• Task requirements:
Repeat every entry word for word; omit all pictures.

Data excerpts
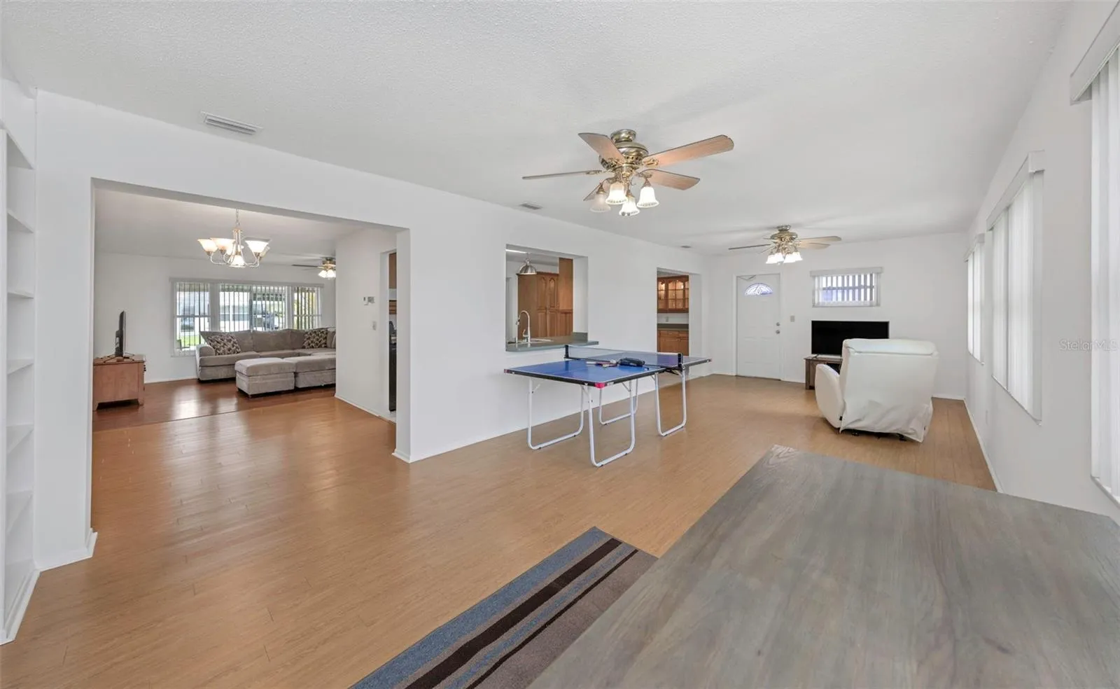 Beautifully updated home with an open floor plan and modern finishes throughout. Kitchen features stainless steel appliances (less than 3 years old), abundant cabinet and counter space, glass upper cabinets with lighting, and a pass-through to the Florida room. Major updates include HVAC (2019) and both tile and flat roof (2018, maintained by condo association).
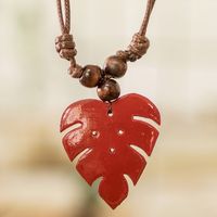 "The vitality and alluring energy of the Costa Rican forests inspire a superb design that captures the essence of the tropical jungle. Artisan Kattia Lopez uses a calabash gourd to create the leaf pendant that beautifies this unique necklace, painting it in an intense crimson hue that symbolizes courage. As a way to enrich the design's natural aura, Kattia adds pinewood beads to the brown cord and finishes the accessory with a comfortable sliding knot that can be adjusted to your liking."
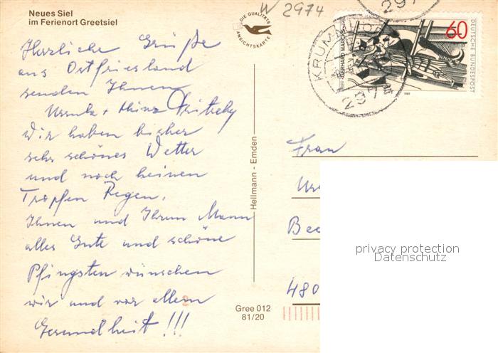 73084087 alte Postkarte Greetsiel Neues Siel postalisch gelaufen Erhaltung siehe scans [KathaD81] KatCode: 11110003452014
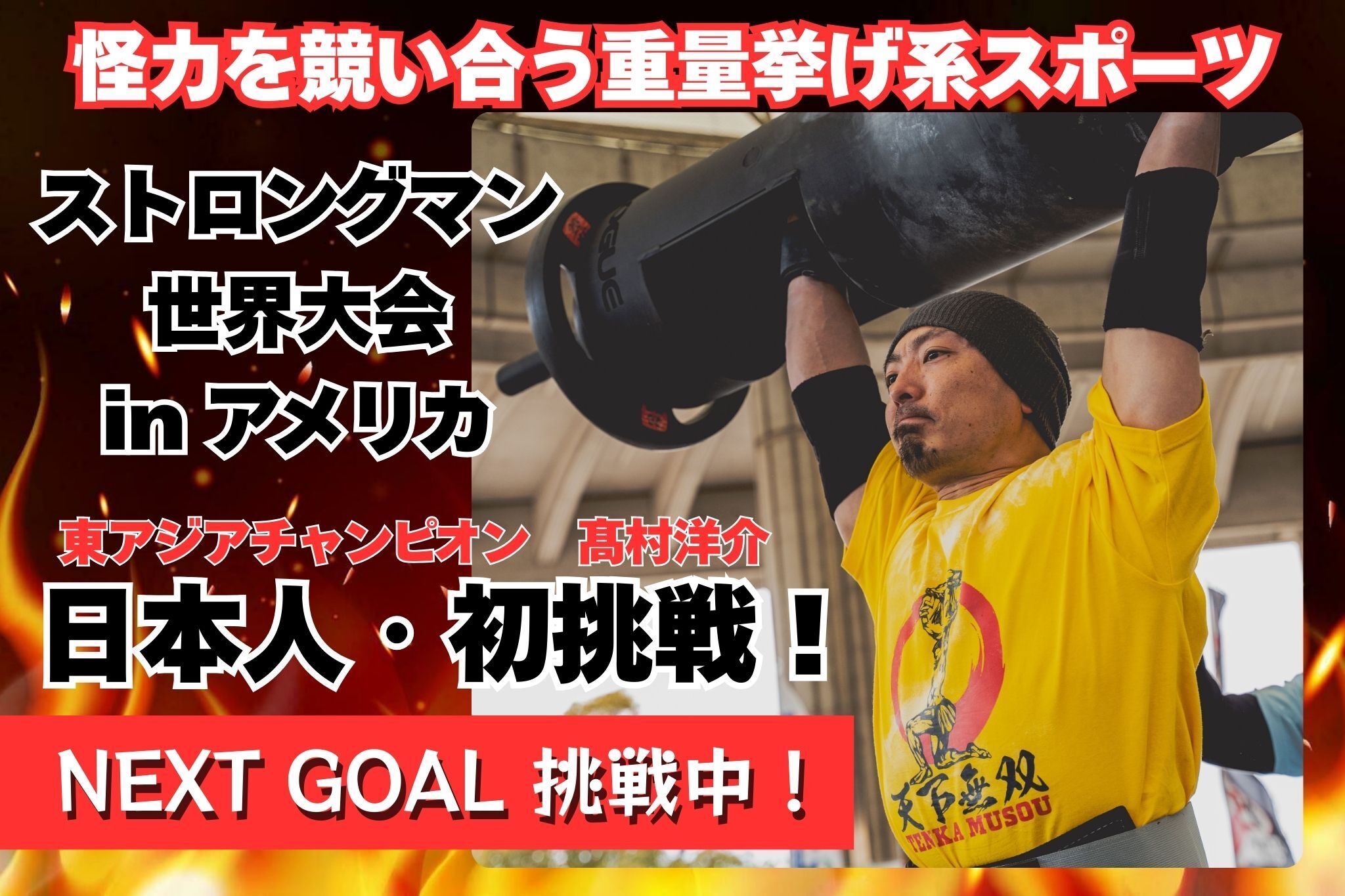 こんにちは!髙村洋介です。皆様のおかげで、目標金額50万円を達成することが出来ました!本当にありがとうございます!たくさんの方にご支援いただけていること、とても嬉しく、身の引き締まる思いです。そして日本ではまだマイナーなストロングマンというスポーツを、さらに多くの方に知っていただきたいという思いから、ネクストゴールを設定させていただきたいと思います!【ネクストゴール】80万円!マイナースポーツのため練習場所、機材は限られています。ネクストゴールにてご支援いただいた金額は、大会へ向けた練習機材や身体つくり、装備品のための費用として大切に使わせていただきます。日本ひいてはアジアにおける、ストロングマンの発展と次世代の選手への道しるべとして、ぜひご支援とご協力をいただきたく存じます。どうぞよろしくお願いいたします!!
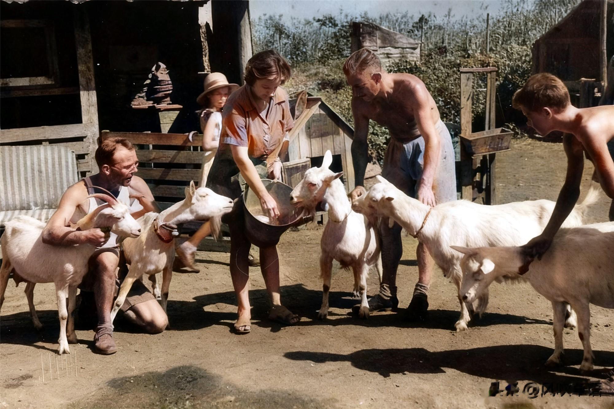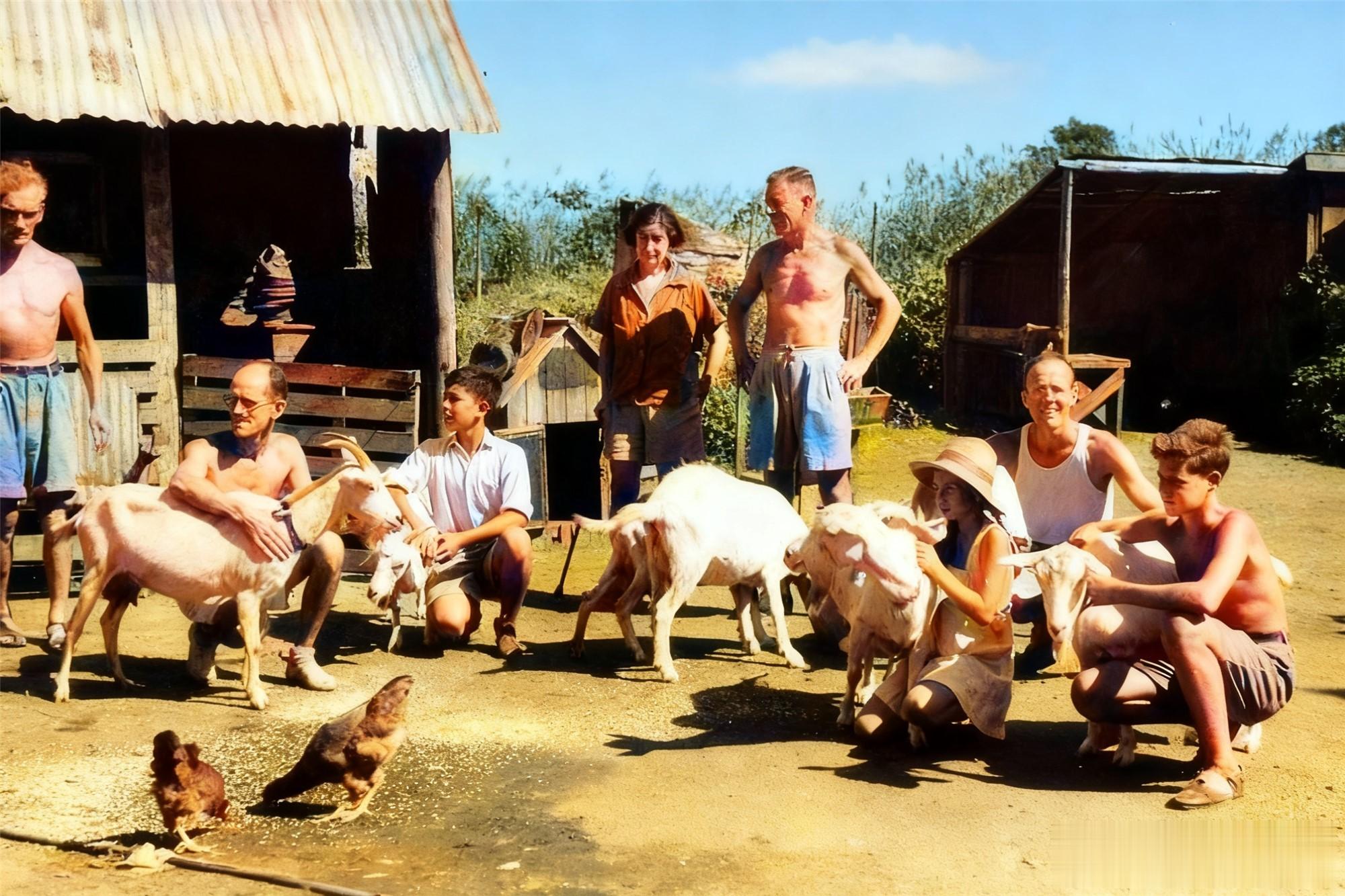 这是集中营内的所谓“农场”,几名男子和几头山羊在一起。这些山羊是他们从小羊羔当做宠物喂起来的,甚至给这些山羊都取了名字。
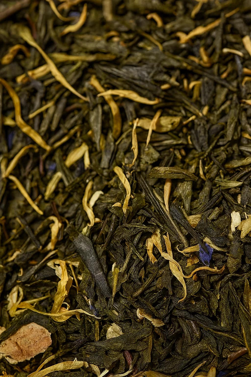Composition Thé Vert Premium « Toujours de Bonne Humeur » : Thé vert de Chine Sencha*, écorces d’orange*, arôme naturel, souci*, fleurs de bleuet*, pétales de rose*, bourbon vanille*.*Issu de l’agriculture durable.
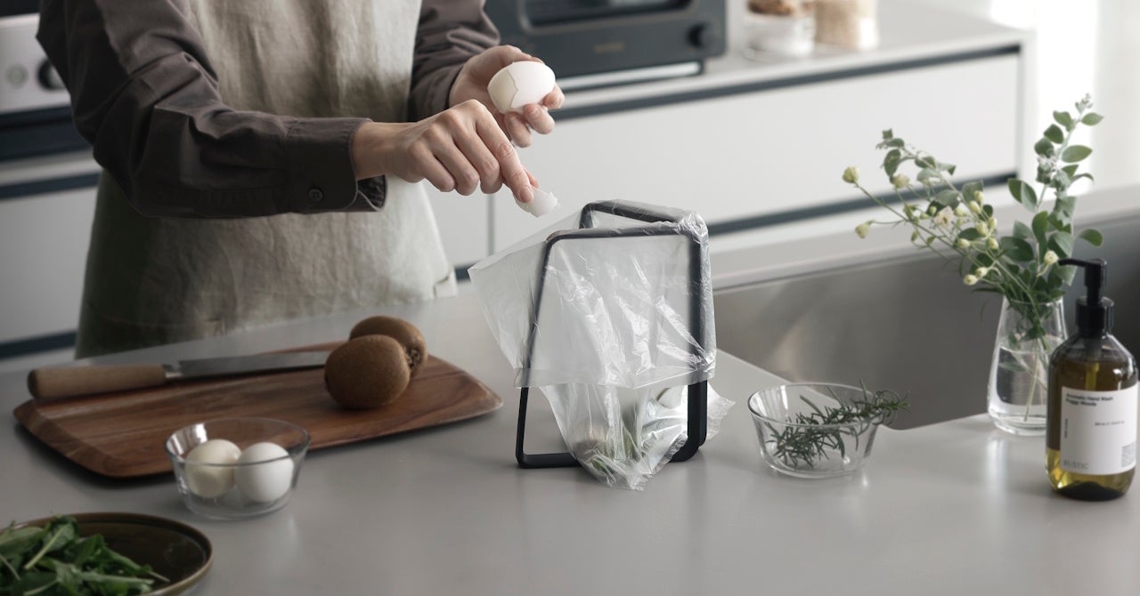 滑り止め一体型で袋が滑り落ちにくい点も特徴です。凹凸を最小限にして手入れしやすくし、フレームを閉じると簡易フタとして使えます。閉じた状態は約3cmの薄さで収納可能です。
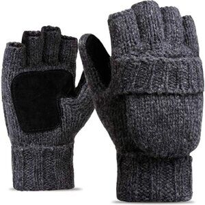 Half-Finger Flip Cover Gloves Wool Blend Knitted Winter Warm Gloves Men Women
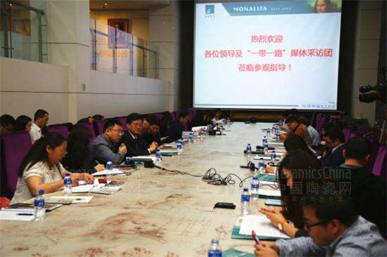 \u00A0 \u00A0中國陶瓷網(wǎng)訊 2017年4月12日上午,由中共中央宣傳部組織并帶隊(duì)的來自人民日報(bào)、新華社等60多家媒體記者組成的大型采訪團(tuán)走進(jìn)蒙娜麗莎集團(tuán),就企業(yè)“一帶一路”建設(shè)進(jìn)行深入采訪。集團(tuán)副董事長霍榮銓、董事張旗康等相關(guān)人員進(jìn)行了接待。今年5月14-15日,“一帶一路”國際合作高峰論壇將在北京隆重舉行,這是迄今為止最規(guī)格的“一帶一路”論壇活動(dòng)。3年多來,已有100多個(gè)國家和國際組織響應(yīng)“一帶一路”倡議,40多個(gè)國家和國際組織同中國簽署了合作協(xié)議。
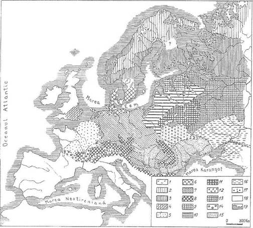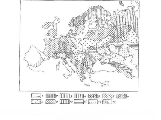 I. Vegetatia de tip boreal. A Formatiunile nord europene: 1 padure deschisa de mesteacan si pin (silvotundra); 2 padure de mesteacan, partial padure de molid; 3 padure de mesteacan si molid cu specii de copaci cu frunza lata (stejar, ulm, carpen). II Tipul vegetatiei de padure. A Formatiuni atlantice: 4 padure de carpen cu stejar si paduri de stejar si pin; 5 padure de stejar cu carpen si ulm; B Formatiuni central europene: 6 padure de carpen din zonele litorale; 7 padure de carpen din campii si inaltimi subalpine; in est cu molid, stejar si brad; 8 padure montana de carpen cu brad si molid; C formatiuni est europene: 9 padure de carpen din regiunile litorale nordice (cu molid si mesteacan); 10 padure de carpen din aria continentala de tranzitie (cu molid); 11 padure de carpen din partea centrala a campiei ruse (cu stejar si pin); 12 padure de carpen, foioase si pin; 13 padure mixta de stejar, carpen si copaci de margine; D Formatiuni mediteraneene: 14 padure mixta de stejar si padure de pin montan. III Tipul vegetatiei de stepa. 15 formatiuni central europene - pajisti de stepa cu carpen si padure de stejar (silvostepa); 16 formatiuni est europene - pajisti de stepa cu carpen si padure de stejar (silvostepa). IV Vegetatia alpina. 17 padure subalpina, inchisa, de conifere, pajisti alpine si tundra; 18 ariile fara vreo refacere a vegetatiei; 19 linia de tarm in interglaciarul Mikulino (stabilita si tentativa).

• Solution below:
 Beautifully updated home with an open floor plan and modern finishes throughout. Kitchen features stainless steel appliances (less than 3 years old), abundant cabinet and counter space, glass upper cabinets with lighting, and a pass-through to the Florida room. Major updates include HVAC (2019) and both tile and flat roof (2018, maintained by condo association).
 "The vitality and alluring energy of the Costa Rican forests inspire a superb design that captures the essence of the tropical jungle. Artisan Kattia Lopez uses a calabash gourd to create the leaf pendant that beautifies this unique necklace, painting it in an intense crimson hue that symbolizes courage. As a way to enrich the design's natural aura, Kattia adds pinewood beads to the brown cord and finishes the accessory with a comfortable sliding knot that can be adjusted to your liking."
 73084087 alte Postkarte Greetsiel Neues Siel postalisch gelaufen Erhaltung siehe scans [KathaD81] KatCode: 11110003452014
 こんにちは!髙村洋介です。皆様のおかげで、目標金額50万円を達成することが出来ました!本当にありがとうございます!たくさんの方にご支援いただけていること、とても嬉しく、身の引き締まる思いです。そして日本ではまだマイナーなストロングマンというスポーツを、さらに多くの方に知っていただきたいという思いから、ネクストゴールを設定させていただきたいと思います!【ネクストゴール】80万円!マイナースポーツのため練習場所、機材は限られています。ネクストゴールにてご支援いただいた金額は、大会へ向けた練習機材や身体つくり、装備品のための費用として大切に使わせていただきます。日本ひいてはアジアにおける、ストロングマンの発展と次世代の選手への道しるべとして、ぜひご支援とご協力をいただきたく存じます。どうぞよろしくお願いいたします!!
 这是集中营内的所谓“农场”,几名男子和几头山羊在一起。这些山羊是他们从小羊羔当做宠物喂起来的,甚至给这些山羊都取了名字。
Composition Thé Vert Premium « Toujours de Bonne Humeur » : Thé vert de Chine Sencha*, écorces d’orange*, arôme naturel, souci*, fleurs de bleuet*, pétales de rose*, bourbon vanille*.*Issu de l’agriculture durable.
 滑り止め一体型で袋が滑り落ちにくい点も特徴です。凹凸を最小限にして手入れしやすくし、フレームを閉じると簡易フタとして使えます。閉じた状態は約3cmの薄さで収納可能です。
 Half-Finger Flip Cover Gloves Wool Blend Knitted Winter Warm Gloves Men Women
 \u00A0 \u00A0中國陶瓷網(wǎng)訊 2017年4月12日上午,由中共中央宣傳部組織并帶隊(duì)的來自人民日報(bào)、新華社等60多家媒體記者組成的大型采訪團(tuán)走進(jìn)蒙娜麗莎集團(tuán),就企業(yè)“一帶一路”建設(shè)進(jìn)行深入采訪。集團(tuán)副董事長霍榮銓、董事張旗康等相關(guān)人員進(jìn)行了接待。今年5月14-15日,“一帶一路”國際合作高峰論壇將在北京隆重舉行,這是迄今為止最規(guī)格的“一帶一路”論壇活動(dòng)。3年多來,已有100多個(gè)國家和國際組織響應(yīng)“一帶一路”倡議,40多個(gè)國家和國際組織同中國簽署了合作協(xié)議。
 I. Vegetatia de tip boreal. A Formatiunile nord europene: 1 padure deschisa de mesteacan si pin (silvotundra); 2 padure de mesteacan, partial padure de molid; 3 padure de mesteacan si molid cu specii de copaci cu frunza lata (stejar, ulm, carpen). II Tipul vegetatiei de padure. A Formatiuni atlantice: 4 padure de carpen cu stejar si paduri de stejar si pin; 5 padure de stejar cu carpen si ulm; B Formatiuni central europene: 6 padure de carpen din zonele litorale; 7 padure de carpen din campii si inaltimi subalpine; in est cu molid, stejar si brad; 8 padure montana de carpen cu brad si molid; C formatiuni est europene: 9 padure de carpen din regiunile litorale nordice (cu molid si mesteacan); 10 padure de carpen din aria continentala de tranzitie (cu molid); 11 padure de carpen din partea centrala a campiei ruse (cu stejar si pin); 12 padure de carpen, foioase si pin; 13 padure mixta de stejar, carpen si copaci de margine; D Formatiuni mediteraneene: 14 padure mixta de stejar si padure de pin montan. III Tipul vegetatiei de stepa. 15 formatiuni central europene - pajisti de stepa cu carpen si padure de stejar (silvostepa); 16 formatiuni est europene - pajisti de stepa cu carpen si padure de stejar (silvostepa). IV Vegetatia alpina. 17 padure subalpina, inchisa, de conifere, pajisti alpine si tundra; 18 ariile fara vreo refacere a vegetatiei; 19 linia de tarm in interglaciarul Mikulino (stabilita si tentativa).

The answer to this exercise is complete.